Problem requirements: Retype the material below exactly, from its first line through the line with "A bold debossed"; the pictures stay out.

Data provided:
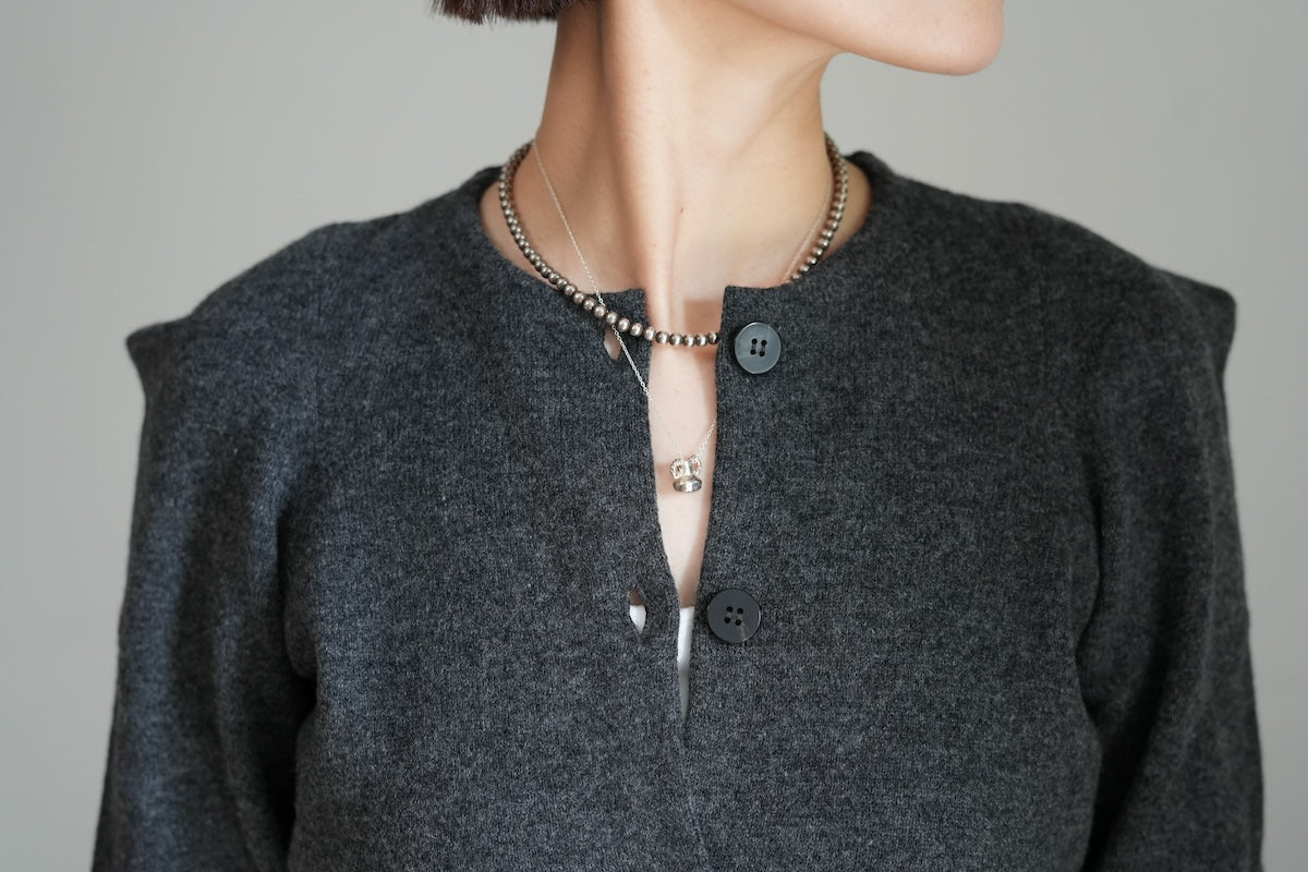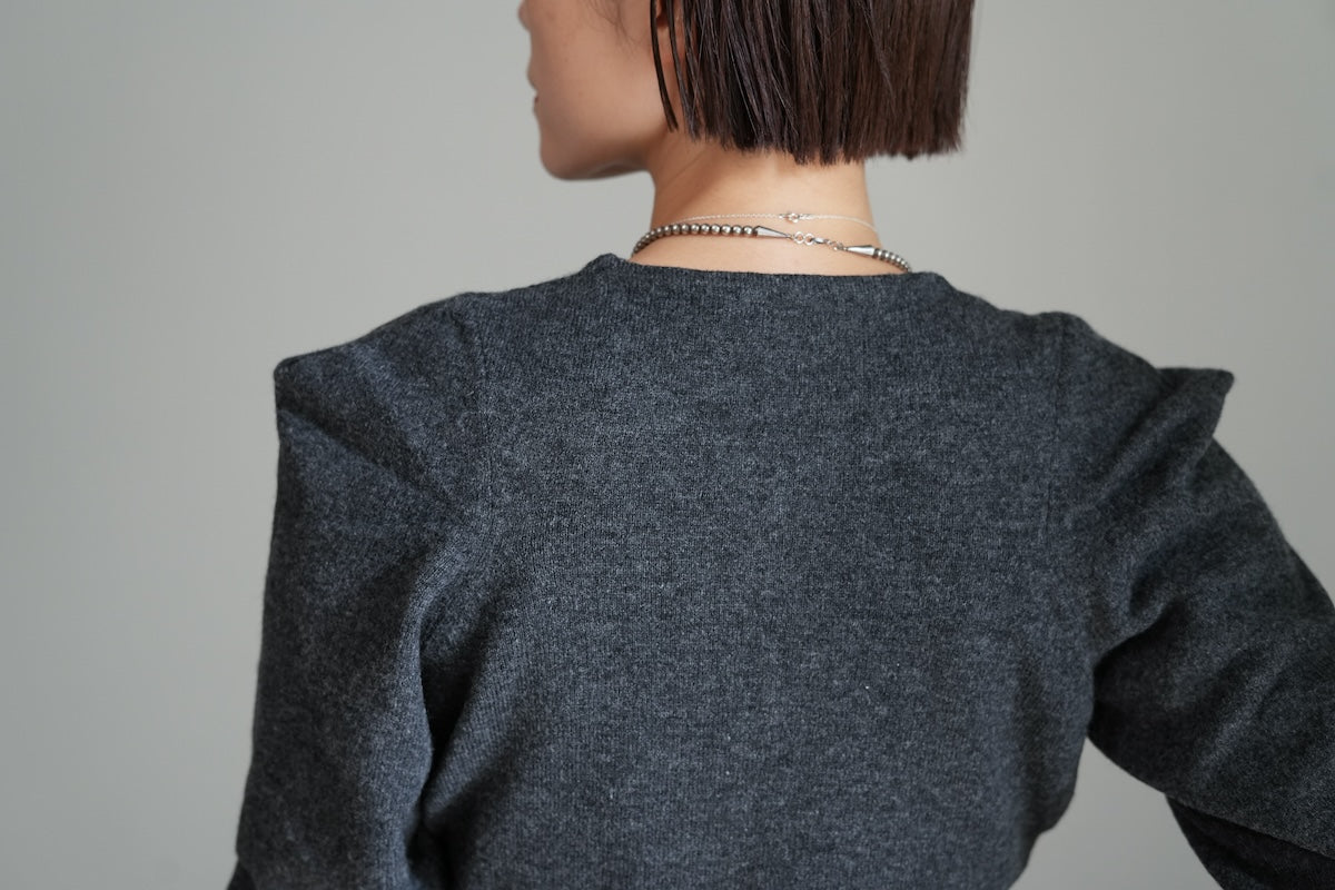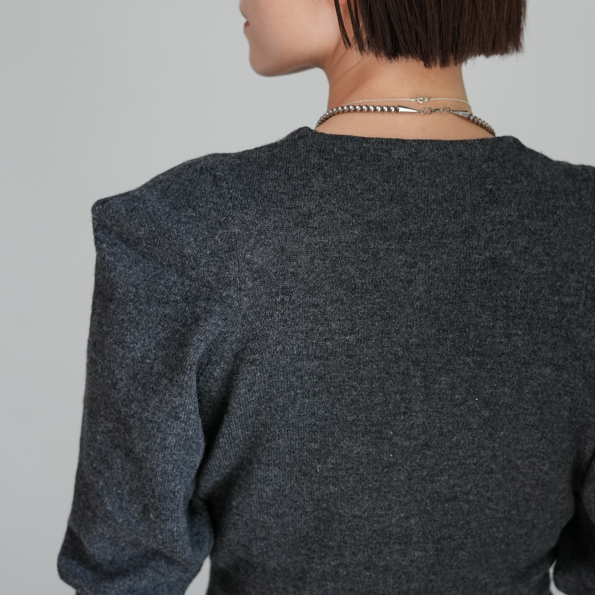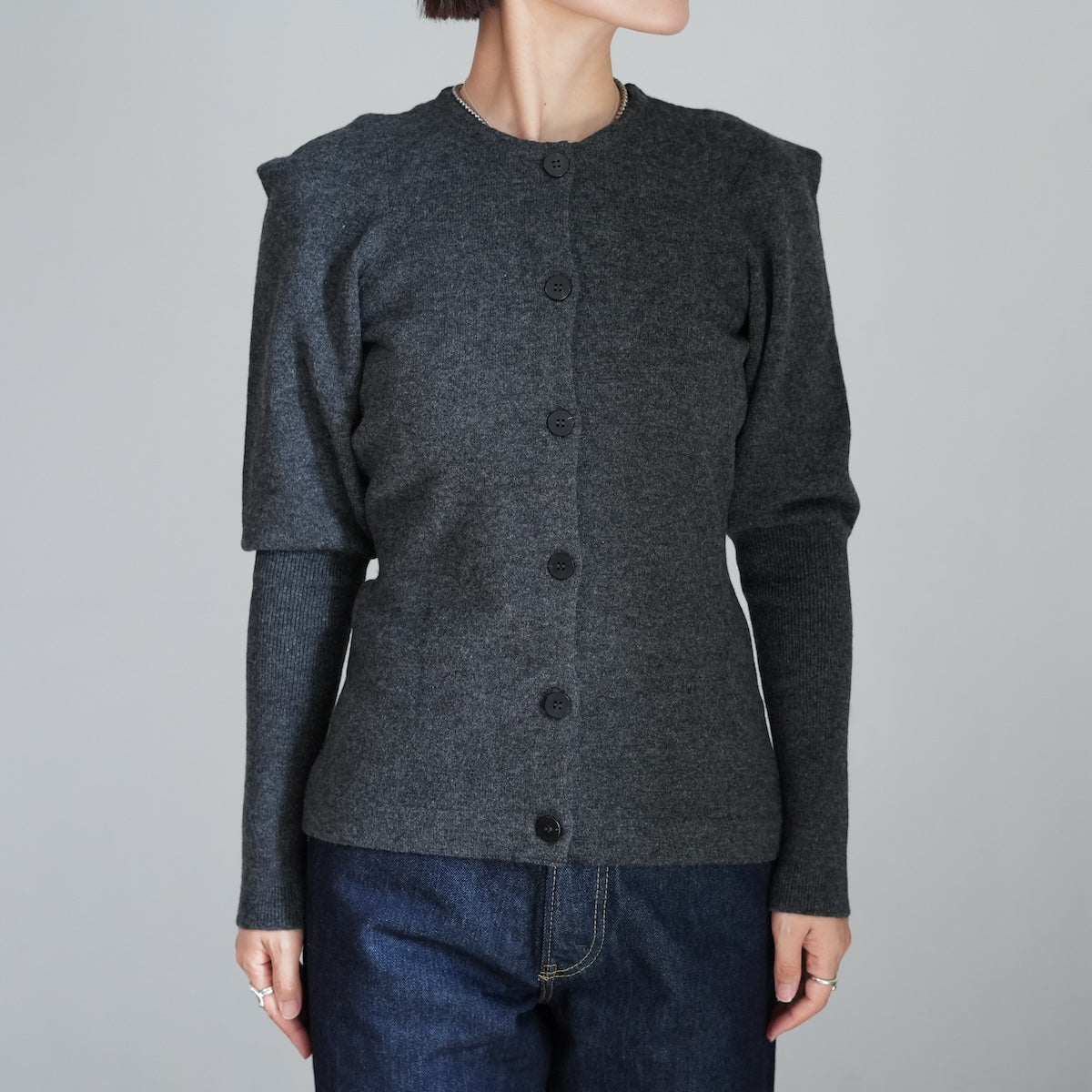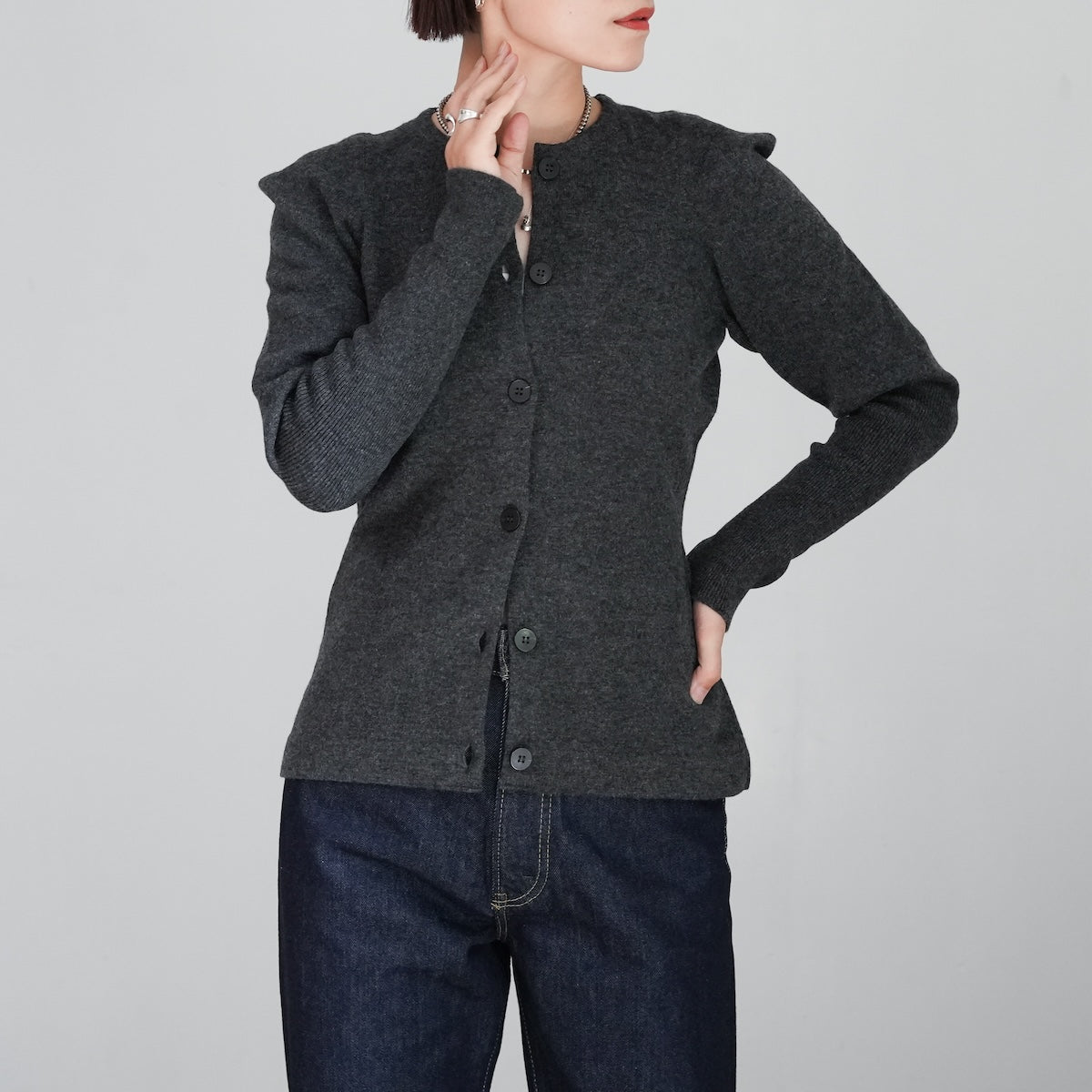 パワーショルダーが特徴的なフォルムのニットカーディガン。
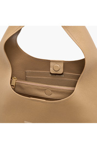 A bold debossed logo stands out against the richly grained leather of a spacious sack-style bag that boasts a comfortably wide handle and a divided interior. Magnetic closure Top carry handle Dual interior compartments with center zip-pocket divider; two slip wall pockets; removable zip pouch Leather Imported Designer Handbags
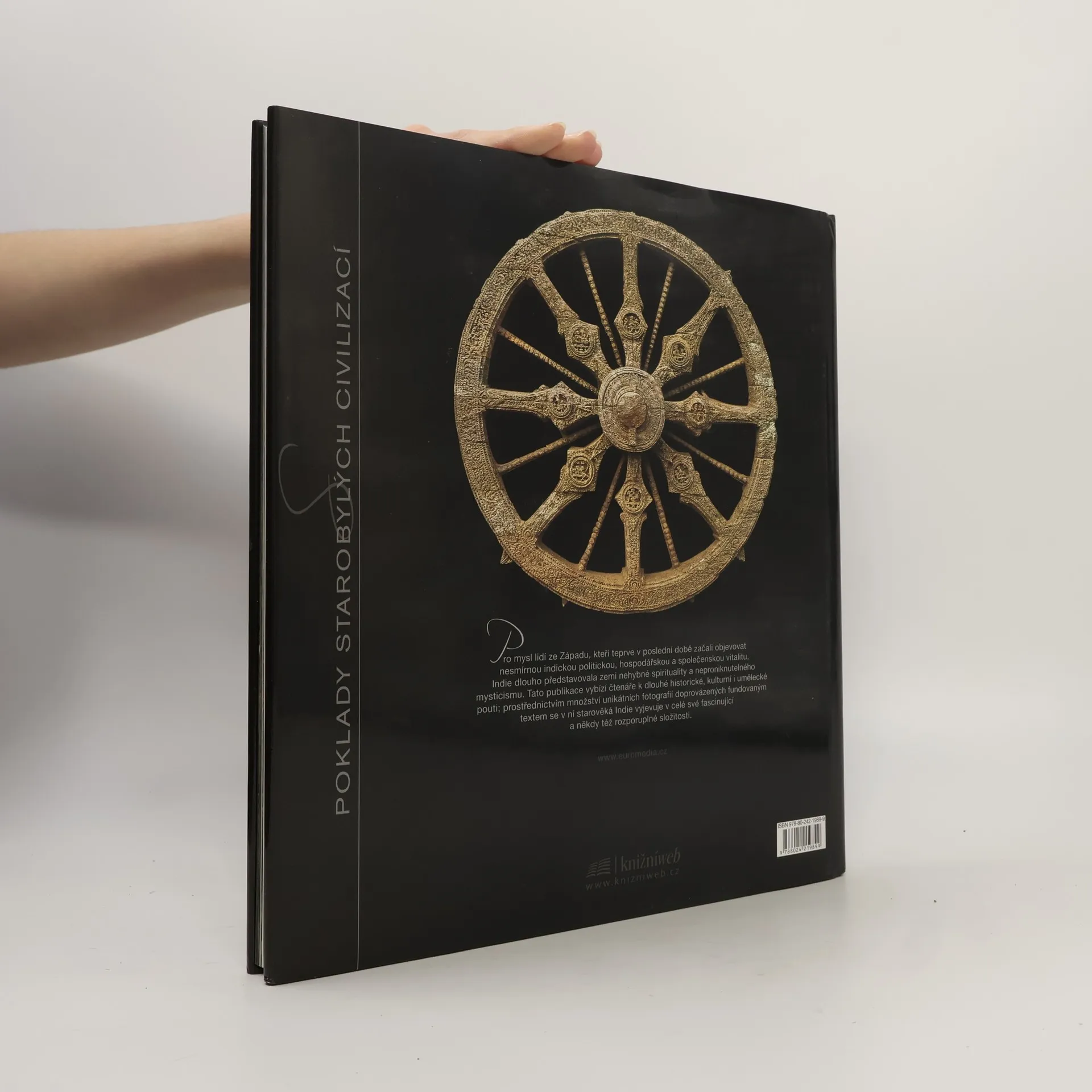 Tento svazek série Poklady starobylých civilizací předkládá chronologický nástin indických dějin od roku 2500 př. n. l. do roku 1192 n. l., kdy se nad rozsáhlými částmi indického území započala muslimská nadvláda. Nejznámější stránky indické civilizace jsou zde zasazeny do svého historického a kulturního kontextu a chronologicky pojatý text obsahuje i kapitoly věnovavé zvláštním tématům. Kniha vybízí čtenáře k dlouhé historické, kulturní i umělecké pouti; prostřednictvím množství unikátních fotografií doprovázených fundovaným textem se v ní starověká Indie vyjevuje v celé své fascinující a někdy též rozporuplné složitosti

Your response:
 パワーショルダーが特徴的なフォルムのニットカーディガン。
 A bold debossed logo stands out against the richly grained leather of a spacious sack-style bag that boasts a comfortably wide handle and a divided interior. Magnetic closure Top carry handle Dual interior compartments with center zip-pocket divider; two slip wall pockets; removable zip pouch Leather Imported Designer Handbags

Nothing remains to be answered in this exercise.